* _Supplied records_

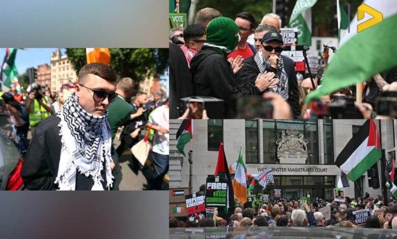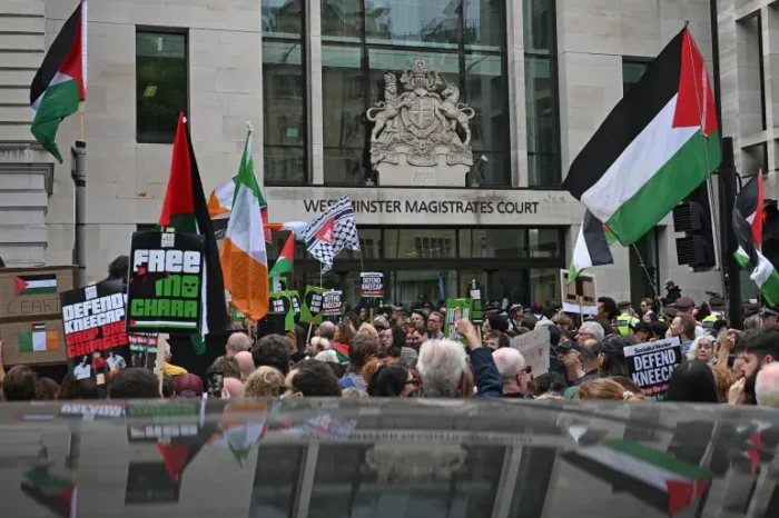 وتجمّع مئات المؤيدين أمام المحكمة هاتفين “الحرية لفلسطين”، ورافعين أعلاما فلسطينية وإيرلندية، كما رفعوا لافتات تطالب بـ”الحرية لمو شارا”.
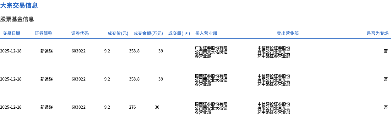 新通联今日大宗交易折价成交108万股,成交额993.6万元
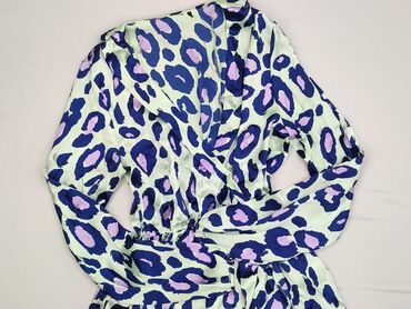 Sukienka damska w zwierzęcy print - Krój: mini, lekko rozkloszowany dół - Dekolt: kopertowy w kształcie litery V, z delikatnym marszczeniem i małym guziczkiem przy biuście - Talia: elastyczna gumk...
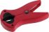 Wellrohrschneider zum Trennen und Ablängen von gewellten Kunststoffrohren (Flexrohren) und Kunststoff-Schutzrohren bis 42 mm ø im Elektro-, Sanitär- und Heizungsbereich, durch einfache Drehbewegung sicheres Schneiden auf dem Außendurchmesser ohne Beschädigung des inneren Rohres, mit zwei auswechselbaren Schneideinsätzen, Gewicht nur 45g. Arbeitsbereich bis zu 42 mm ø
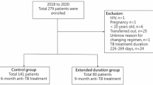 Our standard regimens under direct observation were HRZE or isoniazid, rifampicin, and ethambutol (HRE) for the first two months followed by combination therapy with isoniazid and rifampicin8. We usually selected the HRZE regimen, but the HRE regimen was used for patients at high risk of drug-induced liver injury based on the judgement of physicians12. The dosages of medications were as follows: isoniazid 5 mg/kg/day (maximum 300 mg/day), rifampicin 10 mg/kg/day (maximum 600 mg/day), pyrazinamide 25 mg/kg/day (maximum 1500 mg/day), and ethambutol 15–20 mg/kg/day (maximum 750 mg/day)8. These maximum dosage were recommended by The Japanese Society for Tuberculosis. All the regimens were provided as daily regimens.
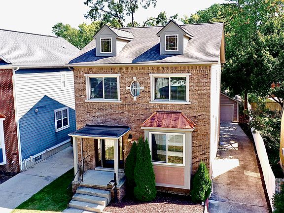 This newer build open-concept brick colonial is located in a desirable area of NW Royal Oak near Woodward Avenue and Corewell (Beaumont) Hospital. On the main level, the home offers 9-foot ceilings on the main level, a gas fireplace, granite countertops, stainless steel appliances, and hardwood flooring. Upstairs, the primary suite includes a tray ceiling, walk-in closet, ensuite bathroom with a jetted tub, and access to a private balcony. A second-floor laundry adds convenience. The finished basement features a wet bar and extra space for entertaining or relaxing. Outdoor features include a covered patio, fenced lot, a two-car garage. Updates include full remodel (2015), new roof (2022), fully lined sewer system (2024), and yard improvements (2025). The home is also equipped with a 50-amp external generator hookup and plumbed for an additional full bath in basement. Don't miss out on the opportunity to own this delightful home!
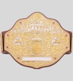 Step into history with the Big Gold World Heavyweight Championship Belt – the ultimate symbol of prestige carried by legends across generations. The oversized golden centerpiece showcases “World Heavyweight Wrestling Champion” engravings, crowned with a regal emblem, and surrounded by intricate scrollwork. Side panels feature classic wrestling motifs, enhancing the belt’s royal design.
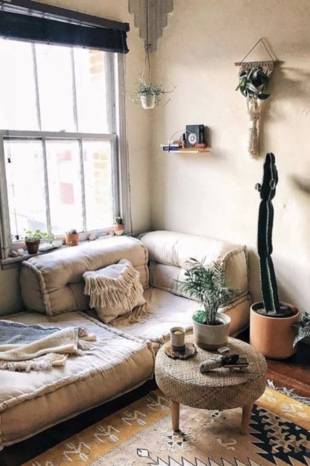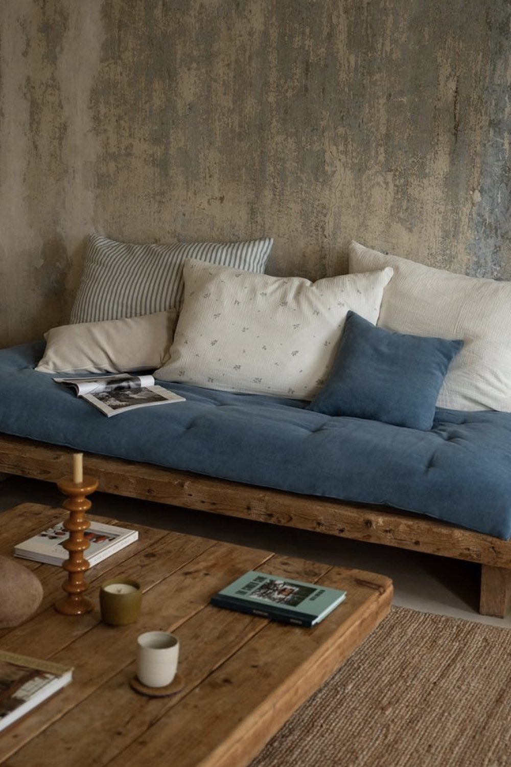 En Asie, on est souvent assis sur ce qu'on appelle des galettes vietnamiennes (non, je ne parle pas de bouffe), ce sont des matelas assez durs, colorés, qui se replient soit en triangle, soit en carré. C'est assez confortable, même pour dormir dessus. Niveau déco, ça donne un effet bohème assuré au salon.
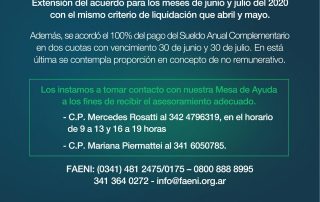 Estimado Asociado: Le informamos que FAENI ha logrado la extensión del plazo del acuerdo homologado con el Sindicato Obrero de Estaciones de Servicio, Garages, Playas y Lavaderos Automáticos (SOESGPYLA) y el Ministerio de Trabajo de la Provincia de Santa Fe el 7 de mayo del 2020, para los meses de
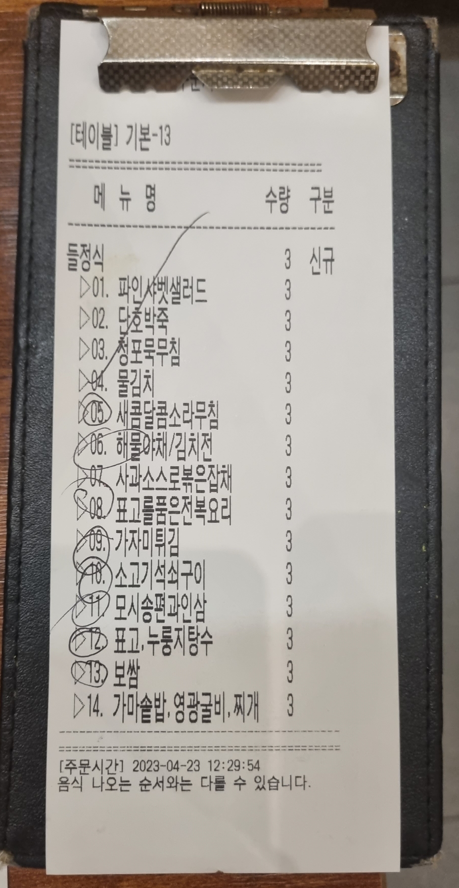 저희가 주문한 메뉴는 들정식 코스였어요. 음식들이 엄청 많이 나와서 뭐가 뭔지 모르겠더라고요. 그래서인지 계산서에 코스요리가 순서대로 표시되어 있더라고요. 참 좋은 방법인 것 같더라고요.
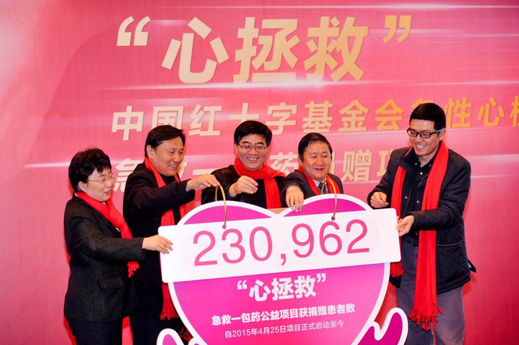2016年2月19日,众多参与急救“一包药”项目的心血管专家及医学同仁齐聚苏州,在中华医学会心血管病学分会主任委员葛均波院士、前任主任委员霍勇教授、候任主任委员韩雅玲院士、中国红十字基金会副理事长刘选国先生以及阿斯利康中国高级副总裁施旺先生的共同揭晓下,一起见证心梗急救一包药公益捐赠项目获益患者数达到230,962例。
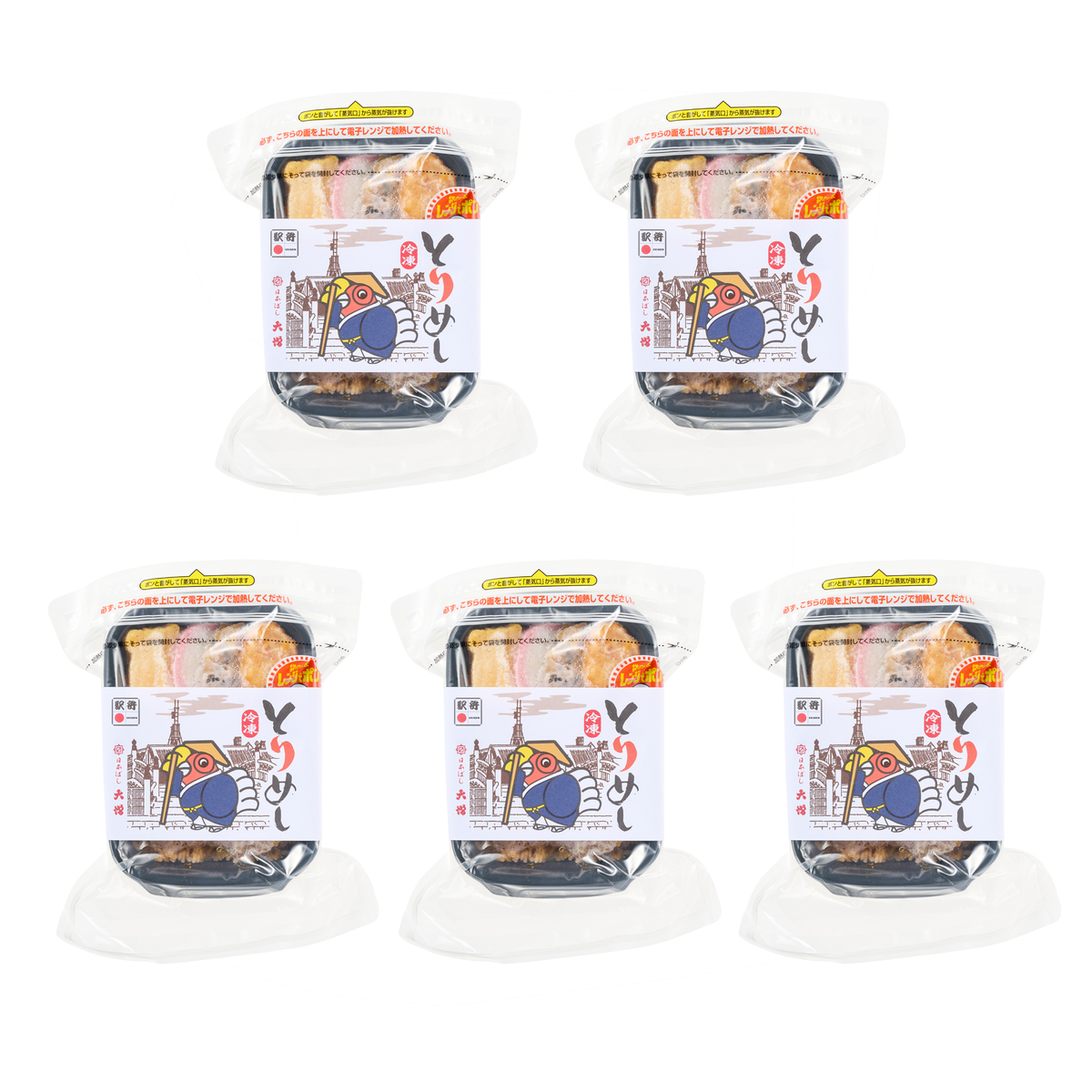 甘めに炊き上げた鶏だしごはんに軟骨入り鶏つくね、鶏そぼろ味噌味、鶏照焼き、蒸し鶏塩ダレ和えの四種の具材を盛り付けた冷凍駅弁とりめし5個セット。多彩な鶏のおかずが楽しめます
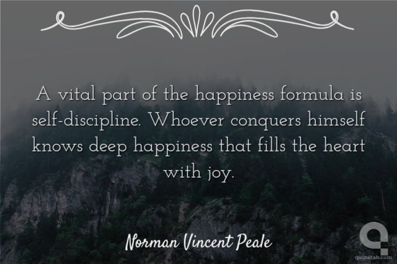 A vital part of the happiness formula is self-discipline. Whoever conquers himself knows deep happiness that fills the heart with joy.
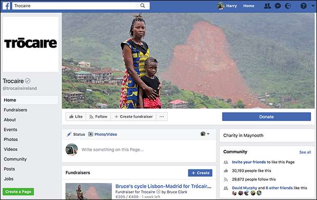 Các trang có dấu tích màu xám đại diện cho các doanh nghiệp và tổ chức mà Facebook đã xác minh là có thật và họ tuyên bố là ai. Ví dụ: Trocaire, một tổ chức từ thiện của Ireland, có một dấu xác minh màu xám.
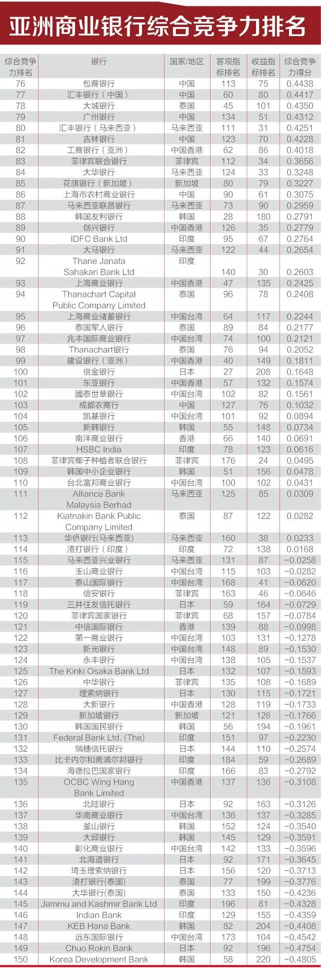 基于综合指标因素,对亚洲10个国家(地区)的229家银行的竞争力作了排名。
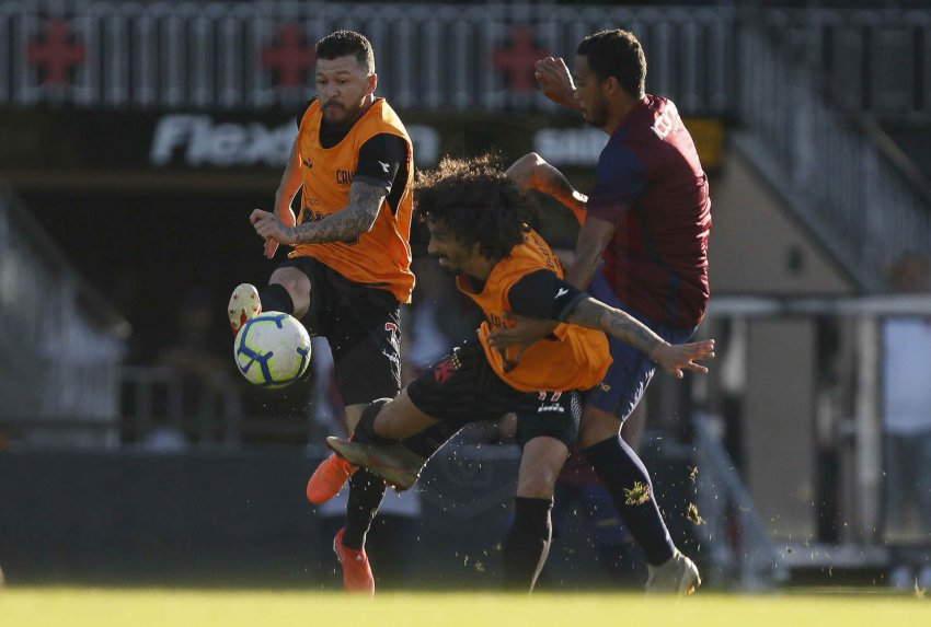 Aos cinco minutos, o Vasco já vencia por 2 a 0, com dois gols de Valdívia. O meia, escalado como centroavante por Luxemburgo, aproveitou duas bolas que partiram do lado direito para garantir a vantagem no placar ainda no início do jogo-treino. A mudança de posicionamento foi o principal teste do treinador.
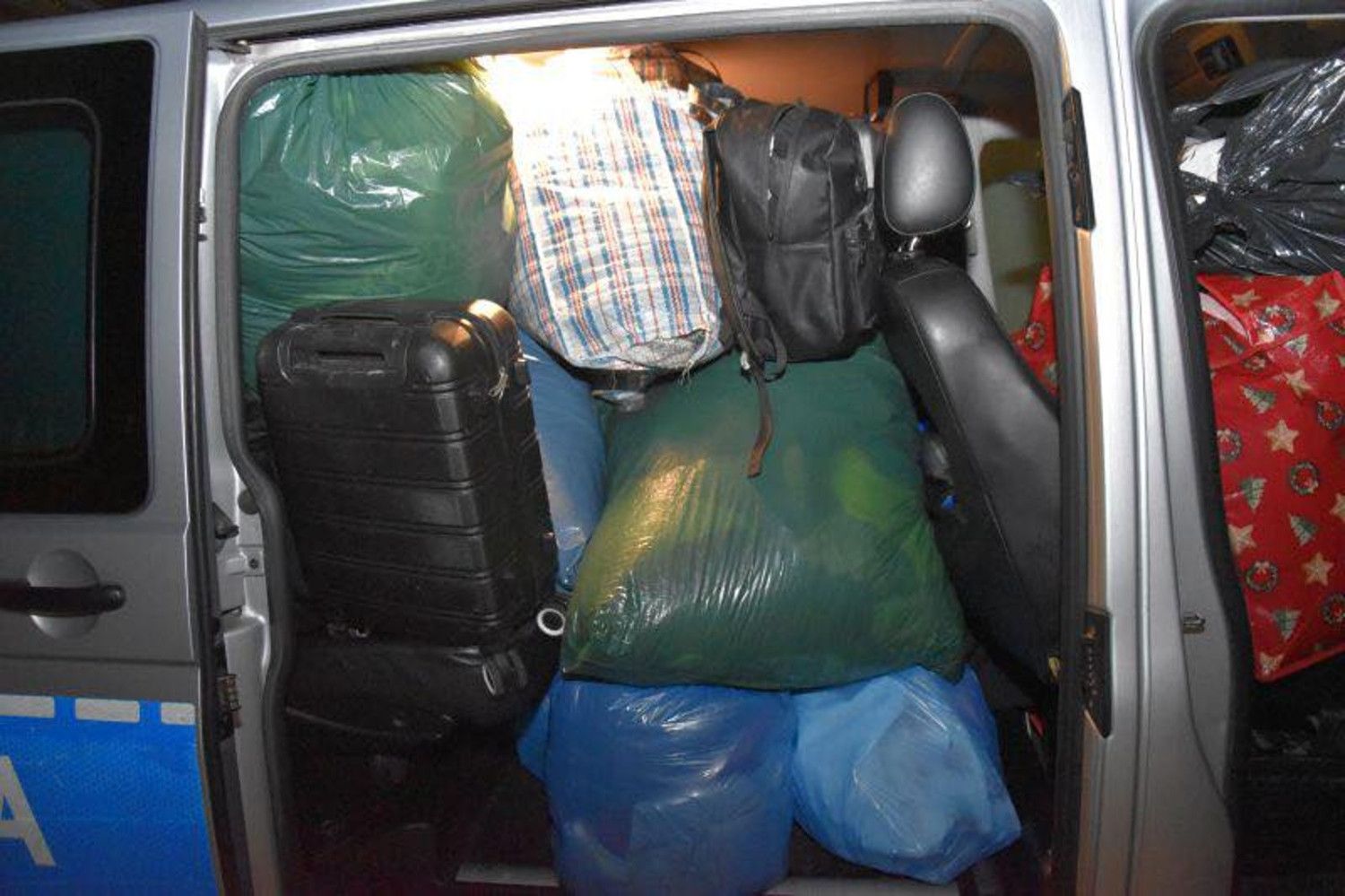 W toku dalszych czynności funkcjonariusze przeszukali pomieszczenia mieszkalne zajmowane przez kobiety na terenie gminy Człuchów. Podczas przeszukania zabezpieczono około 72 worki z odzieżą damską i męską.

* _What you are asked to do_
What you return must be every entry, word for word, without any pictures.

* _Written answer_
 وتجمّع مئات المؤيدين أمام المحكمة هاتفين “الحرية لفلسطين”، ورافعين أعلاما فلسطينية وإيرلندية، كما رفعوا لافتات تطالب بـ”الحرية لمو شارا”.
 新通联今日大宗交易折价成交108万股,成交额993.6万元
 Sukienka damska w zwierzęcy print - Krój: mini, lekko rozkloszowany dół - Dekolt: kopertowy w kształcie litery V, z delikatnym marszczeniem i małym guziczkiem przy biuście - Talia: elastyczna gumk...
 Wellrohrschneider zum Trennen und Ablängen von gewellten Kunststoffrohren (Flexrohren) und Kunststoff-Schutzrohren bis 42 mm ø im Elektro-, Sanitär- und Heizungsbereich, durch einfache Drehbewegung sicheres Schneiden auf dem Außendurchmesser ohne Beschädigung des inneren Rohres, mit zwei auswechselbaren Schneideinsätzen, Gewicht nur 45g. Arbeitsbereich bis zu 42 mm ø
 Our standard regimens under direct observation were HRZE or isoniazid, rifampicin, and ethambutol (HRE) for the first two months followed by combination therapy with isoniazid and rifampicin8. We usually selected the HRZE regimen, but the HRE regimen was used for patients at high risk of drug-induced liver injury based on the judgement of physicians12. The dosages of medications were as follows: isoniazid 5 mg/kg/day (maximum 300 mg/day), rifampicin 10 mg/kg/day (maximum 600 mg/day), pyrazinamide 25 mg/kg/day (maximum 1500 mg/day), and ethambutol 15–20 mg/kg/day (maximum 750 mg/day)8. These maximum dosage were recommended by The Japanese Society for Tuberculosis. All the regimens were provided as daily regimens.
 This newer build open-concept brick colonial is located in a desirable area of NW Royal Oak near Woodward Avenue and Corewell (Beaumont) Hospital. On the main level, the home offers 9-foot ceilings on the main level, a gas fireplace, granite countertops, stainless steel appliances, and hardwood flooring. Upstairs, the primary suite includes a tray ceiling, walk-in closet, ensuite bathroom with a jetted tub, and access to a private balcony. A second-floor laundry adds convenience. The finished basement features a wet bar and extra space for entertaining or relaxing. Outdoor features include a covered patio, fenced lot, a two-car garage. Updates include full remodel (2015), new roof (2022), fully lined sewer system (2024), and yard improvements (2025). The home is also equipped with a 50-amp external generator hookup and plumbed for an additional full bath in basement. Don't miss out on the opportunity to own this delightful home!
 Step into history with the Big Gold World Heavyweight Championship Belt – the ultimate symbol of prestige carried by legends across generations. The oversized golden centerpiece showcases “World Heavyweight Wrestling Champion” engravings, crowned with a regal emblem, and surrounded by intricate scrollwork. Side panels feature classic wrestling motifs, enhancing the belt’s royal design.
 En Asie, on est souvent assis sur ce qu'on appelle des galettes vietnamiennes (non, je ne parle pas de bouffe), ce sont des matelas assez durs, colorés, qui se replient soit en triangle, soit en carré. C'est assez confortable, même pour dormir dessus. Niveau déco, ça donne un effet bohème assuré au salon.
 Estimado Asociado: Le informamos que FAENI ha logrado la extensión del plazo del acuerdo homologado con el Sindicato Obrero de Estaciones de Servicio, Garages, Playas y Lavaderos Automáticos (SOESGPYLA) y el Ministerio de Trabajo de la Provincia de Santa Fe el 7 de mayo del 2020, para los meses de
 저희가 주문한 메뉴는 들정식 코스였어요. 음식들이 엄청 많이 나와서 뭐가 뭔지 모르겠더라고요. 그래서인지 계산서에 코스요리가 순서대로 표시되어 있더라고요. 참 좋은 방법인 것 같더라고요.
2016年2月19日,众多参与急救“一包药”项目的心血管专家及医学同仁齐聚苏州,在中华医学会心血管病学分会主任委员葛均波院士、前任主任委员霍勇教授、候任主任委员韩雅玲院士、中国红十字基金会副理事长刘选国先生以及阿斯利康中国高级副总裁施旺先生的共同揭晓下,一起见证心梗急救一包药公益捐赠项目获益患者数达到230,962例。
 甘めに炊き上げた鶏だしごはんに軟骨入り鶏つくね、鶏そぼろ味噌味、鶏照焼き、蒸し鶏塩ダレ和えの四種の具材を盛り付けた冷凍駅弁とりめし5個セット。多彩な鶏のおかずが楽しめます
 A vital part of the happiness formula is self-discipline. Whoever conquers himself knows deep happiness that fills the heart with joy.
 Các trang có dấu tích màu xám đại diện cho các doanh nghiệp và tổ chức mà Facebook đã xác minh là có thật và họ tuyên bố là ai. Ví dụ: Trocaire, một tổ chức từ thiện của Ireland, có một dấu xác minh màu xám.
 基于综合指标因素,对亚洲10个国家(地区)的229家银行的竞争力作了排名。
 Aos cinco minutos, o Vasco já vencia por 2 a 0, com dois gols de Valdívia. O meia, escalado como centroavante por Luxemburgo, aproveitou duas bolas que partiram do lado direito para garantir a vantagem no placar ainda no início do jogo-treino. A mudança de posicionamento foi o principal teste do treinador.
 W toku dalszych czynności funkcjonariusze przeszukali pomieszczenia mieszkalne zajmowane przez kobiety na terenie gminy Człuchów. Podczas przeszukania zabezpieczono około 72 worki z odzieżą damską i męską.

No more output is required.